A contre-jour
Lundi 6 janvier 2014
Un peu de ciel et un bout d’horizon avec les arbres de l’enfance, en ce jour de passage des rois mages…
« Sur le ciel bleu cru de Key Largo, le palétuvier se détachait en noir, à contre-jour, et sa forme desséchée, stéréotypée n’évoquait en rien un arbre mais plutôt un insecte infernal. Josée soupira, referma les yeux. Les vrais arbres étaient loin, à présent, et surtout le peuplier de jadis, ce peuplier isolé, au bas d’un champ, près de la maison. Elle s’étendait dessous, les pieds contre le tronc, elle regardait les centaines de petites feuilles agitées par le vent, pliant ensemble et très haut, la tête de l’arbre, toujours sur le point de s’envoler, semblait-il, dans sa minceur. Elle avait quel âge, quatorze, quinze ans ? Ou bien, elle s’appuyait contre lui, la tête entre les mains, la bouche contre l’écorce rugueuse, elle se chuchotait des promesses, elle respirait sa propre haleine dans ce trouble de l’adolescence, dans cet effroi du futur et dans cette assurance. »

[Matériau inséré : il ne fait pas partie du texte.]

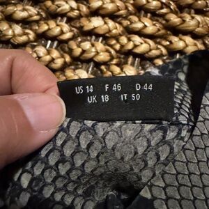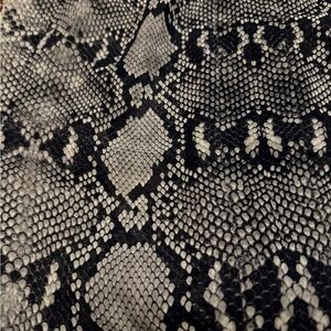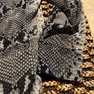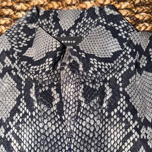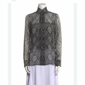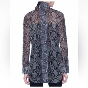 Stylish snakeskin print blouse with long sleeves. Features a mix of gray and black tones.
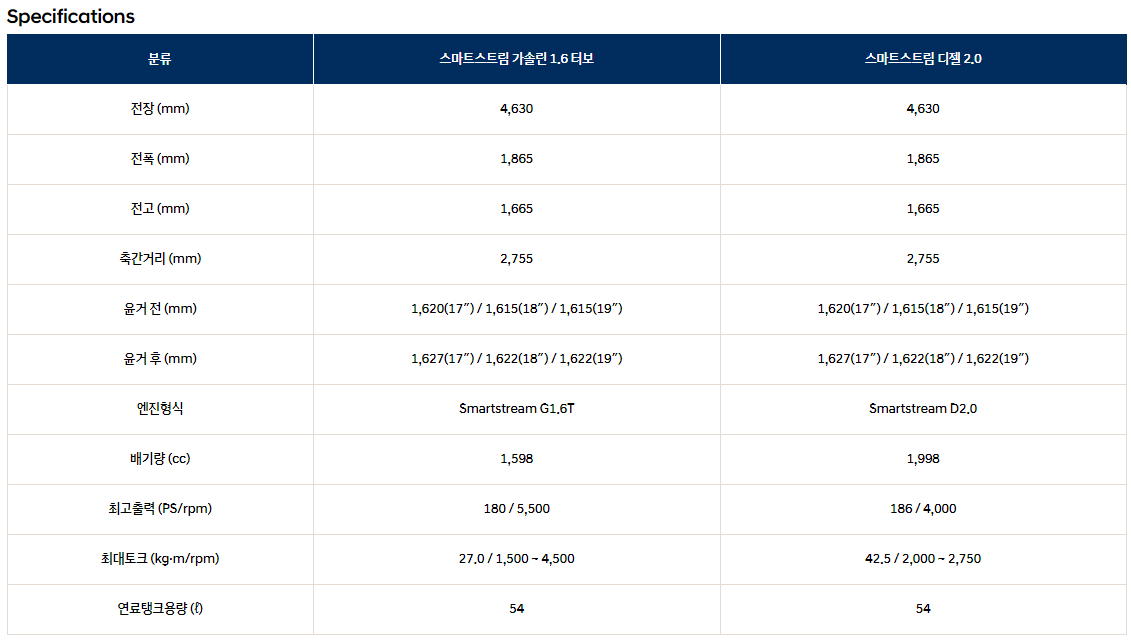 3. 2021 디 올뉴 투싼 하이브리드 제원
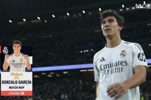 本场比赛贡萨洛上演帽子戏法,赛后他也当选西甲官方评选出的本场最佳球员。
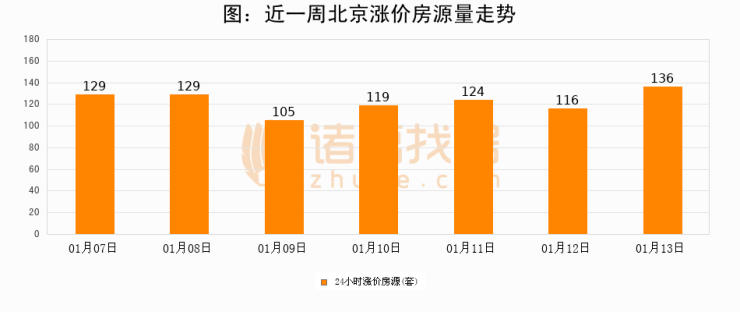 根据诸葛找房数据显示,北京24小时涨价房源量为136套,较01月12日增加20套,环比上涨17.2%。与此同时,涨价房源占比小幅扩大,业主信心有所提升。
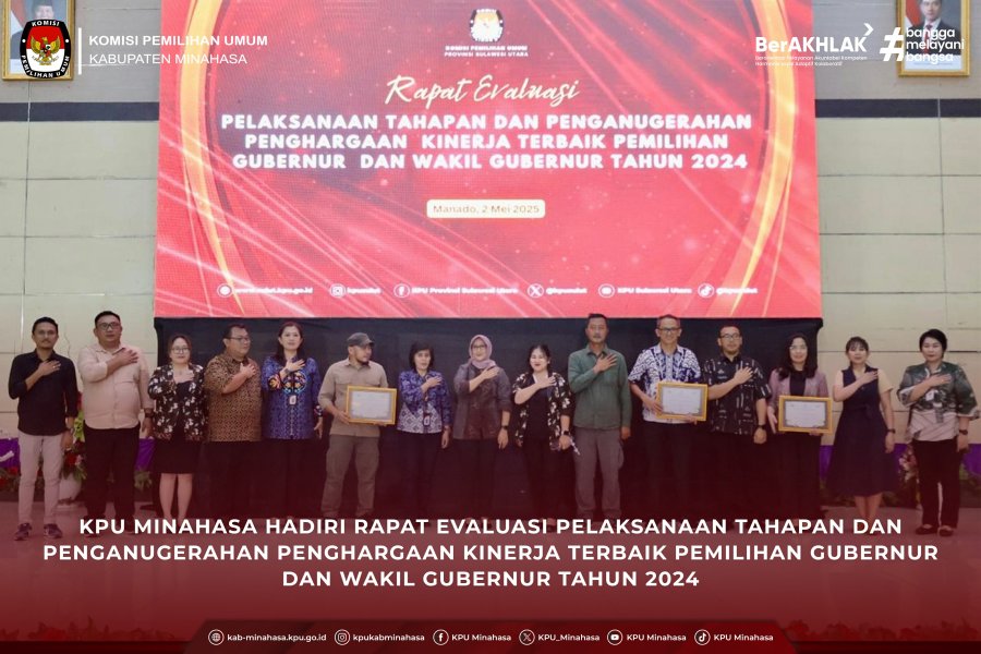 Manado, kab-minahasa.kpu.go.id - KPU Minahasa hadiri Rapat Evaluasi Pelaksanaan Tahapan Dan Penganugerahan Penghargaan Kinerja Terbaik Pemilihan Gubernur Dan Wakil Gubernur Tahun 2024, bertempat di Ghara Gubernuran (Jumat, 2/5/2025).
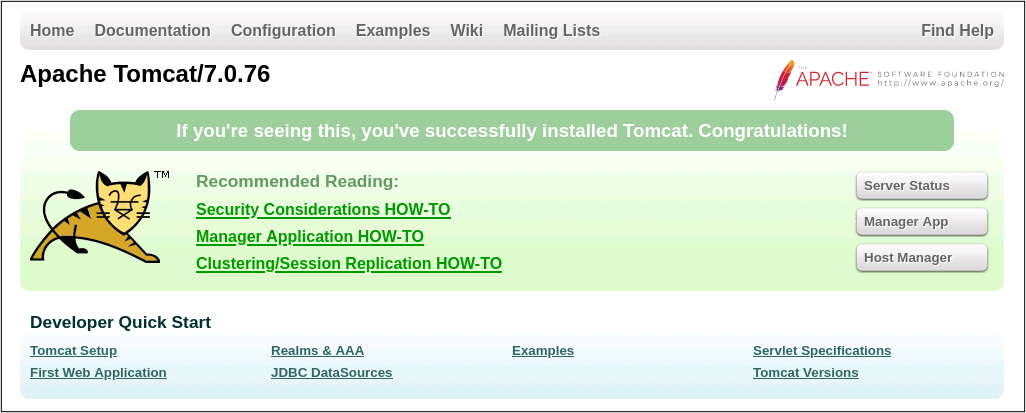 ブラウザのアドレス入力箇所に「localhost:8080」と入力します。下記の画面が表示されたらtomcatが正常に動作しています。
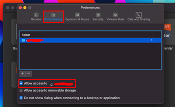 – Velg Drive Sharing og huk av på begge Allow access valgene
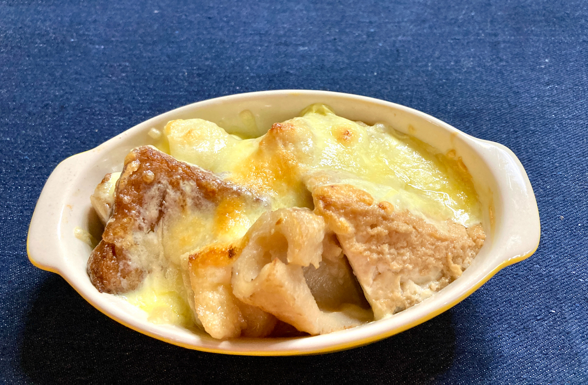 余ったおでんで簡単リメイク。濃厚味噌チーズグラタン。
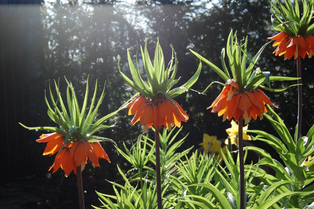 Maart probeert mijn stemmingen in te halen en slaagt er niet in. De aanblik van de keizerskronen doet me zoals elk jaar plezier – bloemen geplant door mijn ouders, bloemen die me aan de zestiende eeuw doen denken, en aan houtsneden in het kruidboek van Rembert Dodoens. Kom, zon, en laat je licht vangen door al die kelken.
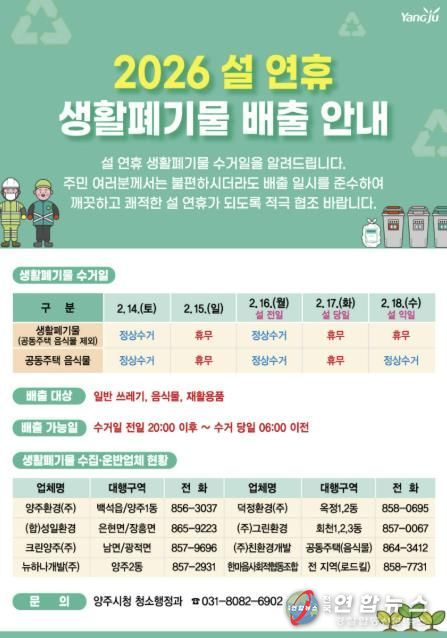 전국연합뉴스 박점규 기자 | 양주시가 설 연휴 기간 시민과 방문객의 불편을 줄이기 위해 ‘2026년 설 연휴 생활폐기물 관리 대책’을 추진한다.
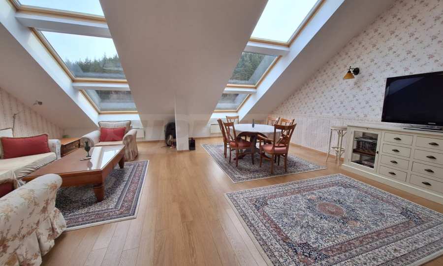 Dom letniskowy (2010), z ekspozycją północną i południową oraz pięknym widokiem na góry, znajduje się na 4 piętrze o powierzchni zabudowanej 114,50 mkw. W pełni wyposażona kuchnia obejmuje 4 palniki, okap, zlewozmywak, lodówkę, czajnik elektryczny, toster. Salon - sofa, fotel, telewizor, stolik kawowy, szafka pod telewizor, Wi-Fi, telefon, recepcja, stół jadalny, 4 krzesła, rolety. Sypialnia 1: pojedyncze łóżko, podwójna szafa. Sypialnia 2: podwójne łóżko, 2 szafki nocne, szafa dwudrzwiowa, komoda.
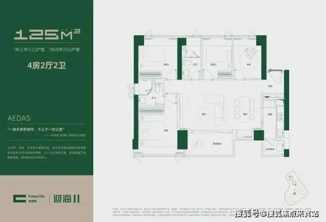 约125㎡4房2厅2卫户型:也是大横厅布局,放大了约109㎡户型的全部优点。端头位置,三面采光,四面宽朝南看海景,约12米观海面宽,海景生活更极致。
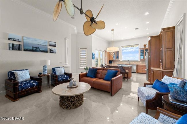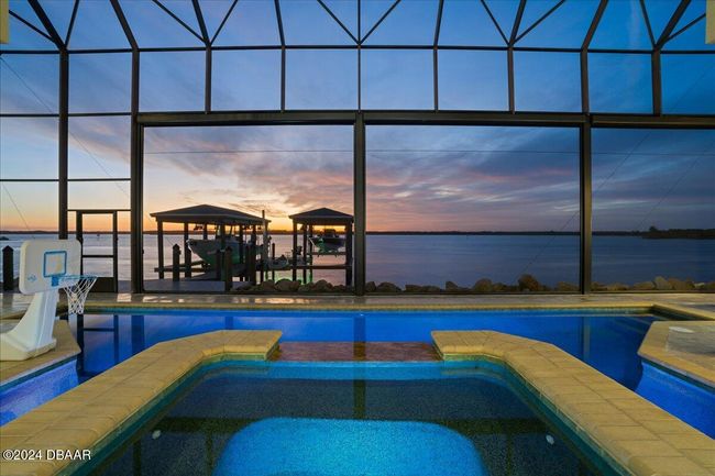 Experience the pinnacle of luxury living in this magnificent waterfront estate on Ormond Beach's most esteemed street, John Anderson just a couple blocks from the beach, where elegance meets comfort at every turn. Boasting panoramic views of the Intracoastal and Tomoka Basin, this extraordinary riverfront residence is a haven for those who cherish fishing, sunset vistas, and local wildlife. Impeccably renovated, the home features four spacious bedrooms and four and a half baths, each offering sweeping water views and refined style. Upon entering, you're met with an inviting ambiance accented by stunning new marble floors throughout the main living areas. The gourmet kitchen is a culinary delight, featuring granite countertops, an oversized breakfast bar, and generous space for hosting friends and family. Enjoy privacy for guests in a dedicated suite tucked away in the south wing, while upstairs offers three additional bedrooms, a grand family room, and a flexible space ready to suit you unique vision. Retreat to the owner's suite, complete with a spa-inspired walk-in shower, dual vanities, and a private balcony overlooking tranquil waters. Outdoors, unwind in your solar-heated saltwater pool and spa, protected by automatic retractable screens and surrounded by elegant travertine decking. Established in 2022, the custom dock offers two boat houses and a jet ski lift for effortless river access, complemented by a newly built coquina seawall added in 2024. This smart home embraces modern technology, featuring advanced security systems with cameras and remote control, motorized window shades, automated awnings, Lutron lighting, and Hayward Omnilogic pool and spa management. The pristine garage, equipped with Martin epoxy floors and an electric bike lift, demonstrates meticulous attention to detail. Energy-saving open-cell foam insulation in the attic boosts efficiency, while lush, mature landscaping truly sets this property apart. Every inch of this home radiates pride of ownership, schedule your private tour today and discover a waterfront masterpiece in one of Ormond Beach's most coveted beachside areas.

Françoise Sagan, Les merveilleux nuages, Julliard, p. 13-14
Raconter
Dimanche 5 janvier 2014
La Fontebranda est une fontaine magique : l’été, elle parle. Après tout, les fontaines sont souvent des lieux fréquentés par les fées, tout le monde le sait. Pour moi, je n’ai rien entendu d’autre que le murmure de l’eau et la mémoire de Sainte Catherine de Sienne, mais cette petiote s’est chargée de les raconter, elle, les histoires. C’était à son papa et dans une autre langue, mais j’en ai profité ! Cela me ramène à Agnès Desarthe qui dit si bien le pouvoir de l’imagination dans les petites têtes :
« Ce que je préfère, avec les histoires, c’est me les raconter à moi-même. Je considère la rêverie comme une activité à part entière. Je la pratique avec assiduité et maniaquerie ; il me faut une certaine pose, une vue dégagée, une qualité particulière de brouhaha. L’endroit le plus propice est la voiture de mes parents. Nous roulons vers la campagne et je profite de mon droit d’aînesse sur ma petite sœur pour occuper la place près de la fenêtre. J’appuie mon front contre la vitre froide, je perds consciencieusement mes yeux dans le décor : rambarde, bas-côté, herbe pelée, talus, maisons, voies ferrées, ciel. J’enclenche le mécanisme. Je quitte l’habitacle de l’auto, je laisse ma famille derrière moi, je deviens le tout et le rien, l’univers et les personnages qui le peuplent. Une ruine au bord de l’autoroute A6 se change en château hanté, mon propre regard croisé dans le rétroviseur devient celui de la sirène, de la licorne, de la fée. »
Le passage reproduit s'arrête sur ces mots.